Reacting to a question on whether he was satisfied with the performance of his team and if Nigerians should expect changes, the President said, “After taking over we had a strange encounter on the budget, which was called ‘padding’. I was in government since 1975 in one form or another, but I had never heard of the word, ‘padding’ until this time around.
“I pity the Minister of National Planning. All the ministers made presentations to him; he compiled them and took them to the council of ministers. It was corrected by the council how they could and I was allowed to go and bow and deliver to the National Assembly. I didn’t know I delivered a sham! Some [civil servants] removed what the ministers put and put what they wanted.
“How did I know about it? I was sitting, watching the television and I saw the Minister of Health appearing before a committee to defend the budget. They gave him the document and he said there was nothing to defend. “How can I defend what I haven’t presented,” he argued.
“I was shocked. He was not the only one. Many of the ministers spent months, hardly eating, and some [civil servants] removed what the ministers have put there and put what they wanted. I called the Minister of National Planning, and said, “I thank you for your hard work, but I can’t assent to this.” I don’t normally sign what I don’t understand. He begged me to sign, but I said because I trust you I will sign, but I will put you in front of me. Wherever there is trouble I will put you in front.
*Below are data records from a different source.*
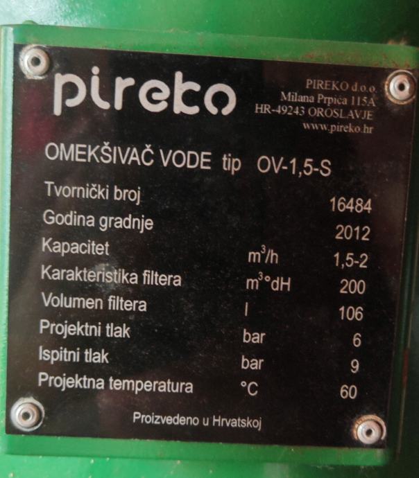 Prodaje se ionski omekšivač vode s ručnim upravljanjem, s jednim ionskim filterom, tip OV-1,5-S, kapaciteta 1,5-2 m3/h, karakteristike filtera 200 m3°dH.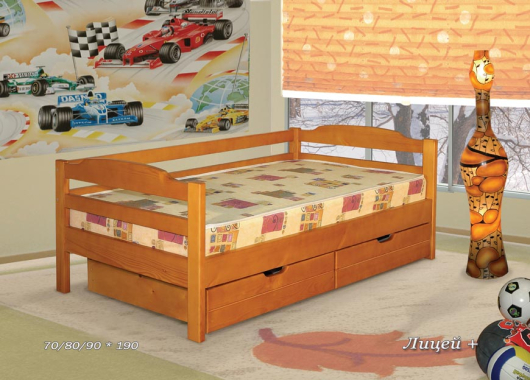 Кровать Лицей+ создана специально для детей. Она идеально впишется в любой интерьер детской комнаты и подарит вашему ребенку комфорт, уют и здоровый сон. Изготовлена кровать из массива сосны, а значит,из экологически чистых материалов, поэтому вы можете не беспокоиться за здоровье вашего чада.Стоит заметить, что под спальным местом находятся два вместительных ящика для постельного белья.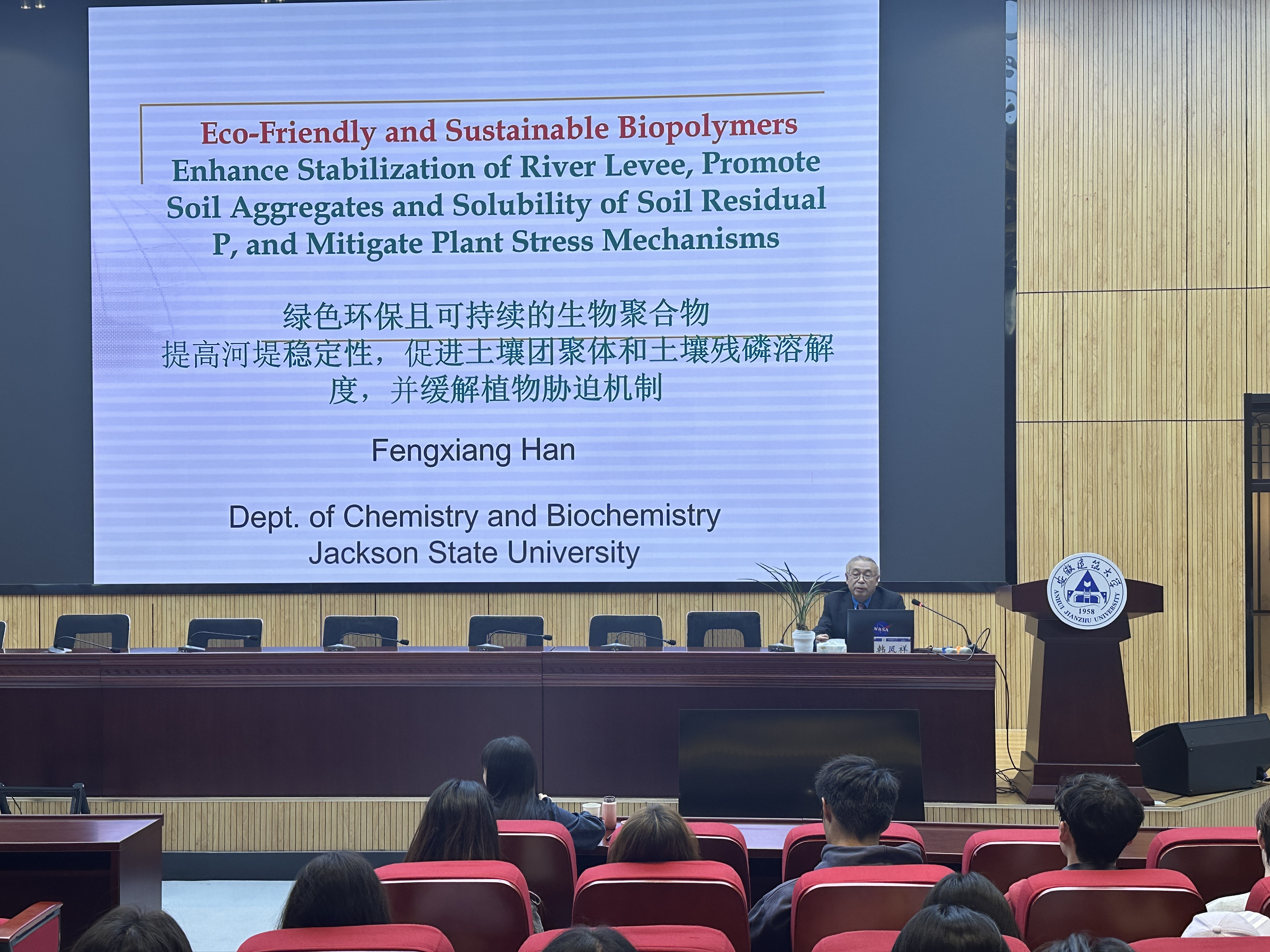 本网讯 近日,由校党委宣传部主办,建筑与规划学院承办的第125期“易海大讲堂”在徽韵楼二楼报告厅举行。美国杰克逊州立大学化学与生物化学系韩凤祥教授应邀做客“易海大讲堂”,为全校师生带来《绿色环保且可持续的生物聚合物提高河堤稳定性,促进土壤团聚体和土壤残留磷溶解度以及缓解植物胁迫机理》的精彩报告。建筑与规划学院姚晓洁教授主持讲座,学院相关骨干教师、研究生及本科生100余人参加了本次报告会。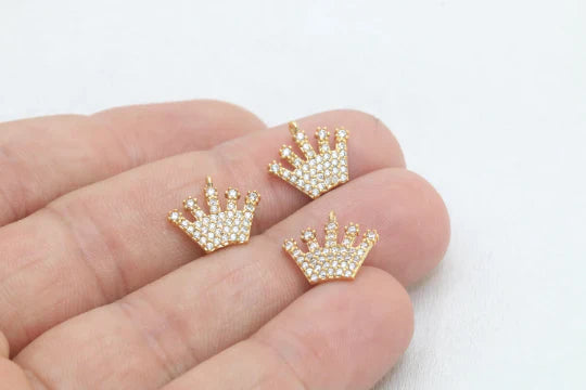 24K Gold Plated White Shiny Zircon Stone Crown Charms Crown Pendant. Dimensions: 12x13mm Price is per piece. 24K gold plated on brass. A Quality product does not rust or tarnish. Do not contact with chemicals and perfumes for long-term use. Passed all tests does not contain harmful materials. Colors may vary depending on screen settings and ambient light.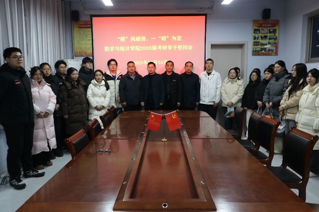 在2026年全国硕士研究生招生考试即将来临之际,为帮助考研学子疏解备考压力、筑牢冲刺信心,英国威廉希尔公司于2025年12月16日在204会议室举办了“‘橙’风破浪,一‘研’为定”2026届考研学子慰问会。学院领导班子、22级辅导员李昊阳及考研学生代表参加了本次活动。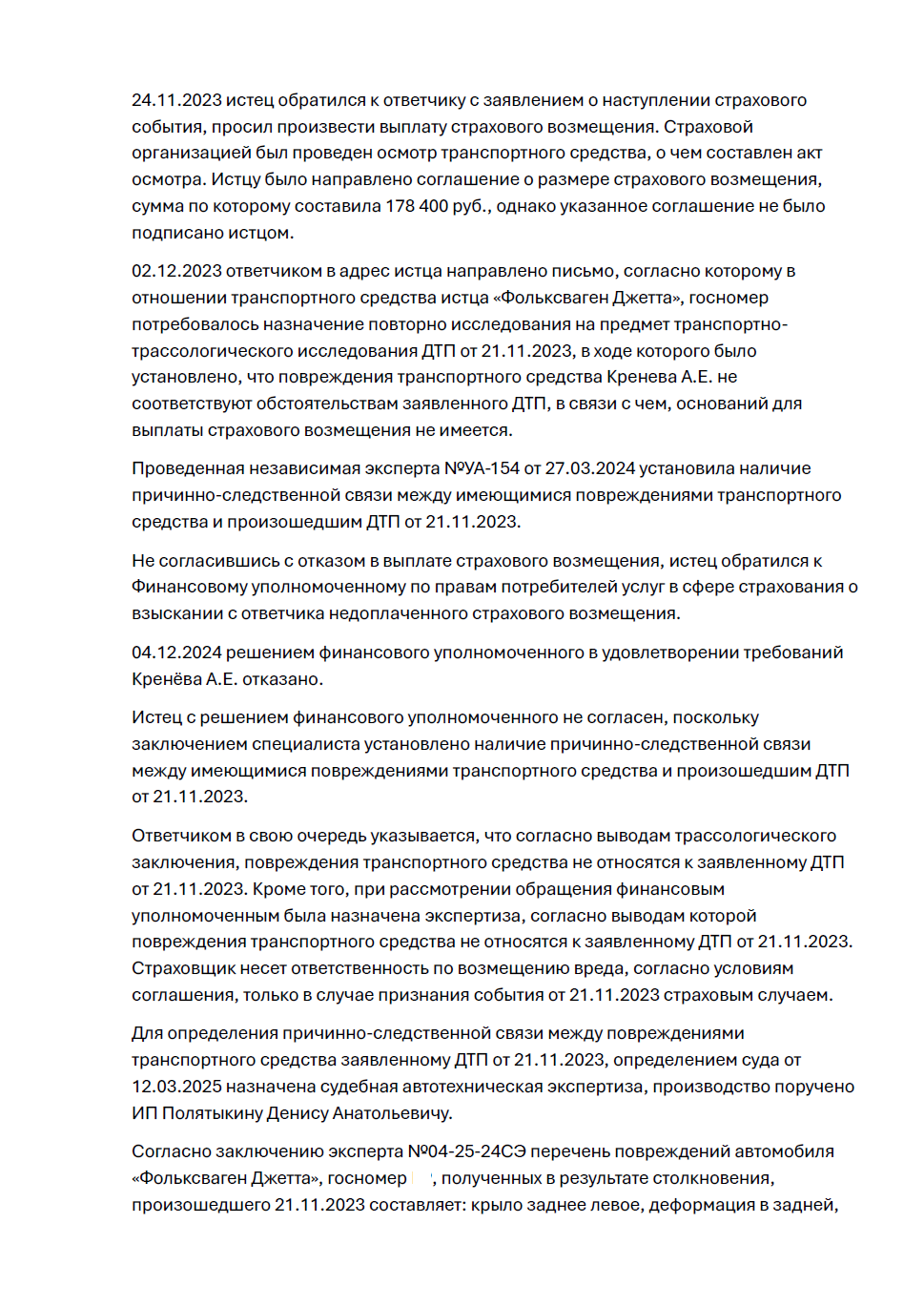 Наш клиент, владелец автомобиля Volkswagen, стал участником ДТП в Екатеринбурге. Виновником аварии был признан водитель другого автомобиля, о чем стороны составили европротокол. Несмотря на это, страховая компания виновника — ПАО СК «Росгосстрах» — после проведения собственного трассологического исследования заявила, что повреждения на автомобиле клиента не связаны с заявленным ДТП, и отказала в выплате. Клиенту было предложено подписать соглашение на сумму 178 400 рублей (без учета износа), но, не согласившись с выводами страховщика, он обратился за юридической помощью.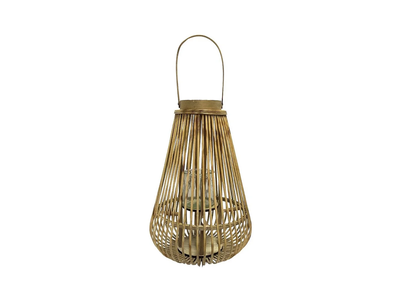 Lanterne jardin extérieur à poser bougie ancienne rotin naturel 24cm
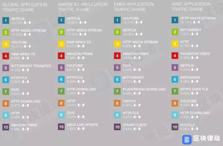 根据加拿大宽带管理公司 Sandvine10 月份的报告数据显示,目前全世界应用流量份额中 Netflix 占据了 13.75%,HTTP 流媒体占据了 12.25%,Youtube 占据了 10%,Raw MPEG 占据了 4.36%,BitTorrent 文件传输仅剩 4.1%。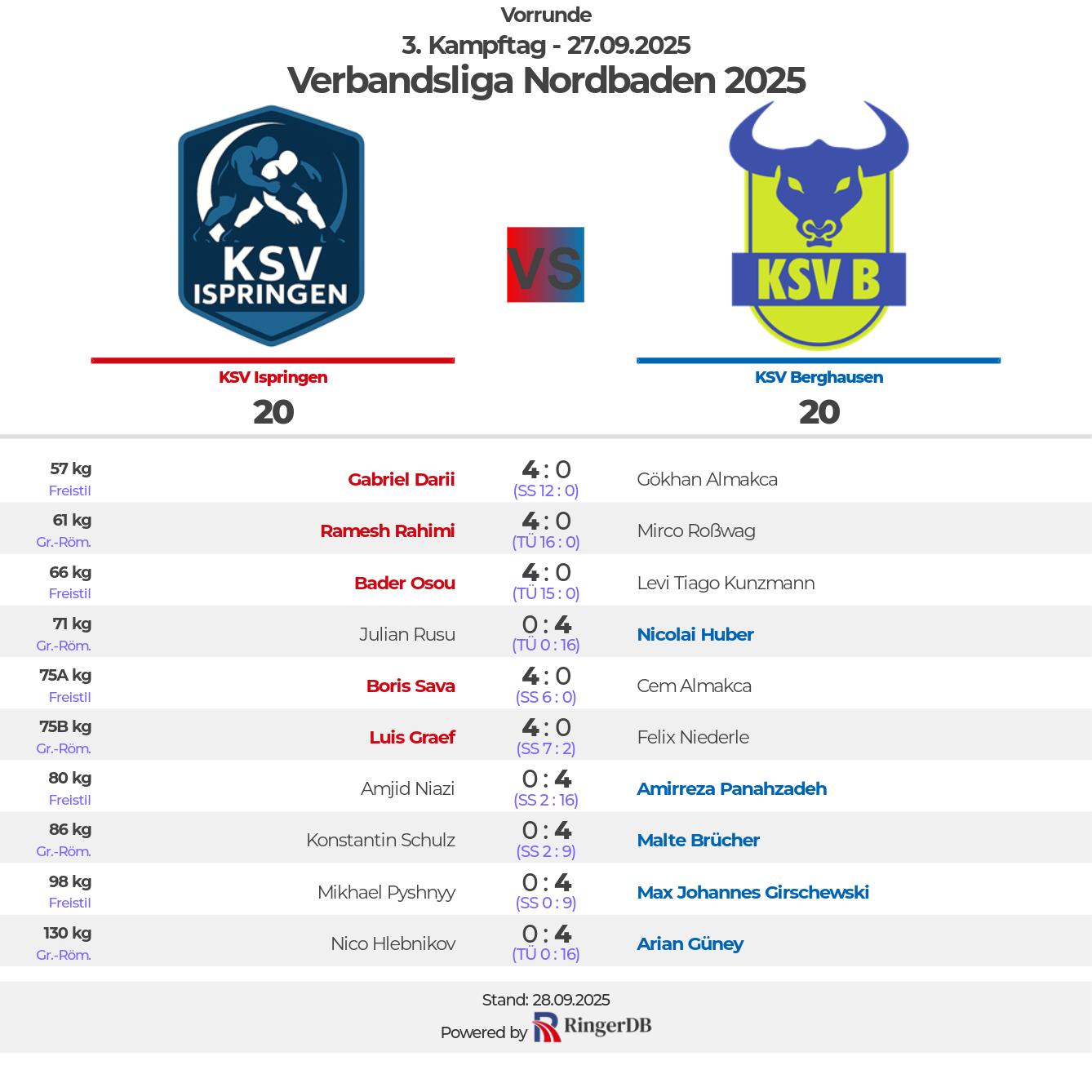 Vor dem Kampf in Ispringen war man sich wohl einig, dass ein Punktgewinn dort ein Erfolg wäre, zumal krankheitsbedingt einige Leistungsträger fehlten. So musste man im Vergleich zu den beiden Saisonauftaktsiegen, auf die bisher ungeschlagenen Marcel Schulze, Marco Junge und Robin Banghard verzichten.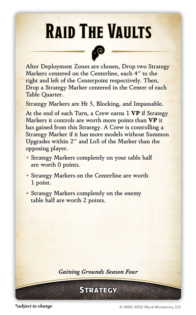 Raid the Vaults is the new version of Guard the Stash, and as the name implies, it’s a lot more aggressive. The difference is subtle but significant: you still can’t score “own-side” Markers, but Markers fully on the opponent’s side are worth 2. The immediate impact is that this Strategy is easier to cap, as it was next to impossible in GG3 outside of completely one-sided games. Another consideration is that now both players can fully cap this Strategy at the same time - no matter the deployment type, it’s possible for each player to control 4 points’ worth of markers.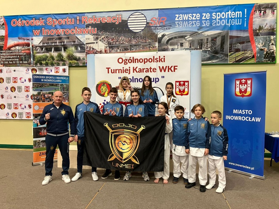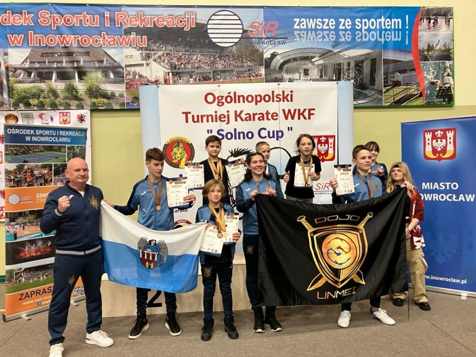 W sobotę 25.11.2023 r. w Hali Widowiskowo Sportowej w Inowrocławiu rozegrano VII Turniej Karate WKF Solno Cup. Organizatorem imprezy był Inowrocławski Klub Sportowy Karate. W zawodach wystąpiło 250 zawodników w wieku od 5 do 15 lat w konkurencjach kata i kumite. Na zawodach nie zabrakło naszych młodych zawodników, którzy spisali się bardzo dobrze zdobywając 6 złotych, 1 srebrny i 3 brązowe medale. Gratulacje dla debiutantów Marysi, Oliwii i Kajtka pierwsze zawody i zdobyte medale.
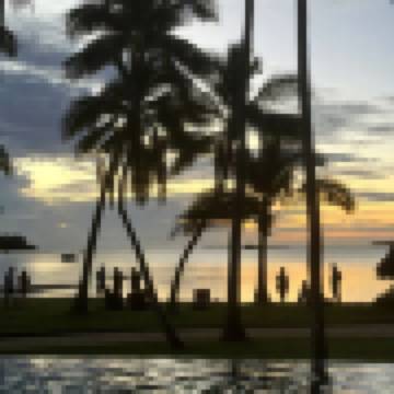 情侶 海濱泳池草屋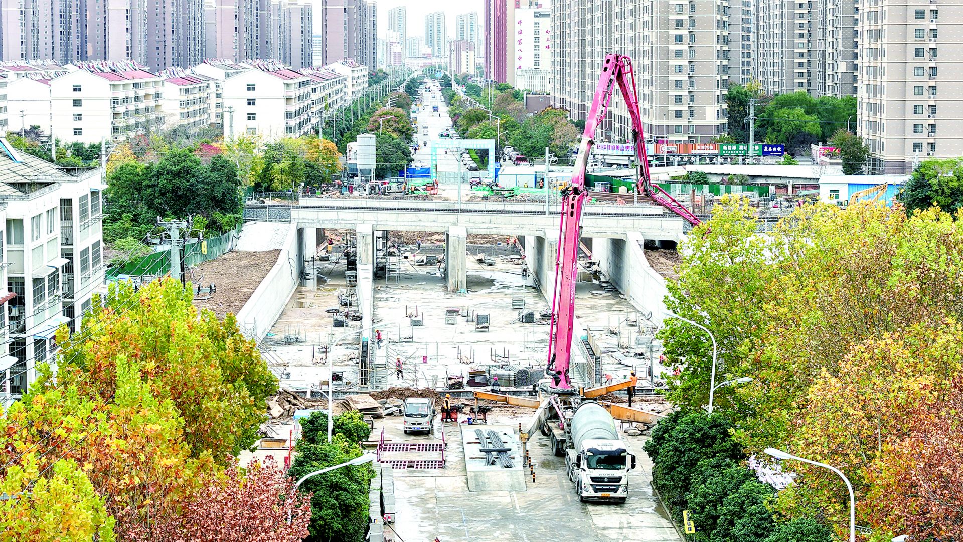 11月17日,双墩路下穿京沪铁路立交工程现场,施工人员正在加紧施工,整个建设规模已经显现。位于淮上区、全长305米,新建双墩路采用5孔分离式框架结构下穿京沪铁路。待放行后,将打通淮上区铁路两侧交通,进一步缓解淮上大道交通拥堵,对完善淮上区路网结构有较大提升。据介绍,当前涉铁段的5孔主体箱涵已全部顶进就位,正在进行引道U型槽作业,下一步将进入道路铺装阶段,今年年底满足(主车道)通车条件。 记者 刘晨 摄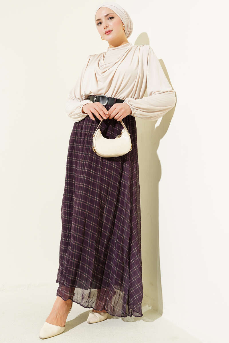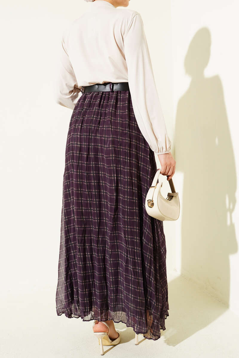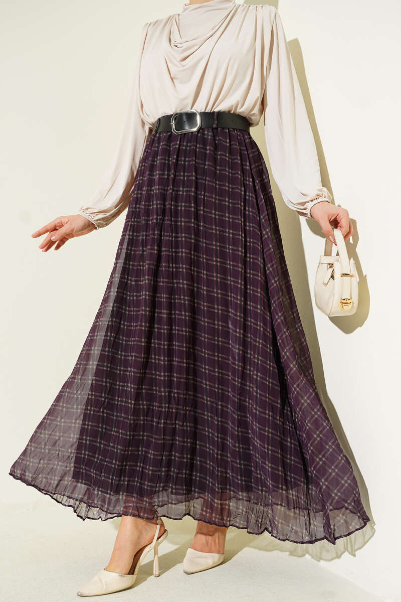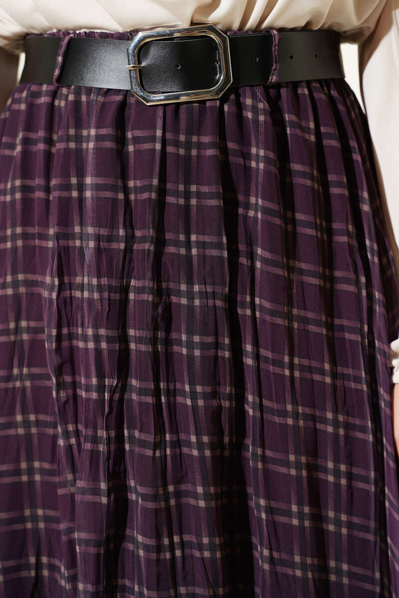 Pötikare Kemerli Kırışık Şifon Etek Mürdüm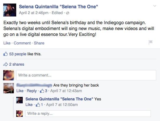 People shouldn't use the word “hologram” to describe the effort to create a walking, talking, singing, and touring CGI version of the dead pop star Selena Quintanilla. The animation process, according to the press release sent out by her family, is more advanced than that. "Using detailed individual personalized functions spanning the mind, brain and body, the individual's Digitized Human Essence will autonomously learn and react on behalf of its human counterpart's," explains Acrovirt LLC, the Nevada company that’s partnering with the Quintanilla family. The Digitized Human Essence has a name, Selena the One, and fans can soon make IndieGogo donations to help bring it—her? no, let's not say "her"—into existence.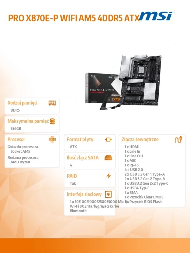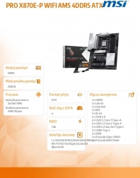 PRO X870E-P WIFI je navrhnutá s exkluzívnymi funkciami pre maximálny výkon a kompatibilitu s procesormi AMD Ryzen série 9000. Toto riešenie je ideálne pre náročných používateľov vyžadujúcich ako špičkový výkon, tak stabilné a rýchle pripojenie.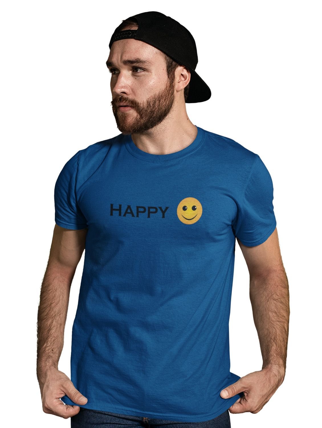 Written Happy Text with Emoji T-shirt - Clothes for Emoji Lovers - Suitable for Fun Events - Foremost Gifting Material for Your Friends and Close Ones

“Not up to 24 hours, he began to look for me desperately. I said, “What is it, Honourable Minister. He said, “Please don’t sign,” because he sat down to look at it and discover what damage those terrible Nigerians had done to us. It took about six weeks to correct it before I agreed to sign it,” the President said.
On privatization of the nation’s refineries President Buhari said it would a disservice to privatize the refineries in the current state.
“We can’t spend so much money to put up the refineries just to sell them as scrap. I think that will be disservice to the country. Let’s repair them and negotiate with them to sell them at good prices. We don’t want them to dictate how much we sell fuel in this country after we’ve sold the refineries to private investors,” he said.